The visual field test
The best eye doctors will be able to evaluate the retinal sensitivity to a luminous stimulus in the various areas of the retina thanks to this examination. It is useful to have an objective documentation of the difficulties perceived by the patient.
What are the possible treatments in Turkey and Istanbul?
Numerous therapeutic attempts have been made to treat retinitis pigmentosa, including medical means such administration of vasodilators, anticoagulants, hyperbaric oxygen therapy, ozone therapy, vitamins, minerals, hormones, acupuncture, ultrasound, and electrical stimulation. All the techniques aim at improving blood supply and retinal metabolism, but none was found to be of substantial effectiveness.
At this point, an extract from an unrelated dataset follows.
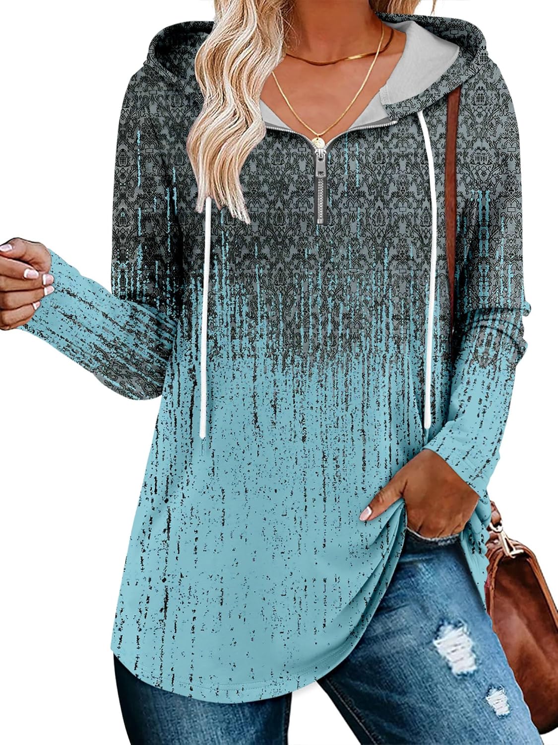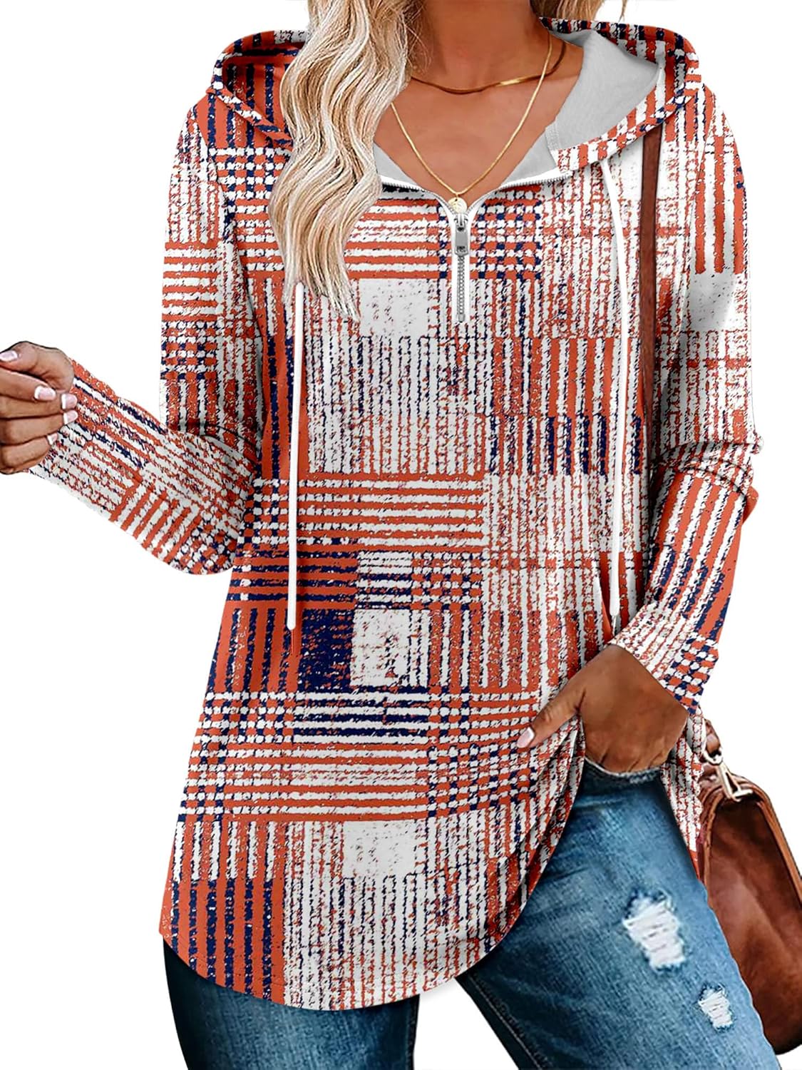 Womens Quarter Zip Tunic Long Hoodies Pullover Hooded Sweatshirts Tops

For patients who have become blind due to retinitis pigmentosa, the epiretinal prosthesis of Turquie santé represents the only effective response to improve their quality of life. With Turquie santé, the patient could regain a good degree of autonomy through visualizing obstacles and objects both inside and outside.
The new CRISPR technology that is considered the latest treatment can be used in the future to treat retinitis pigmentosa.
The technique is able to repair the genetic mutation that is responsible for the disease. It has a great potential but is not 100% accurate. It must be verified that stem cells differ correctly in retinal cells and that CRISPR does not cause unwanted genetic changes in cells.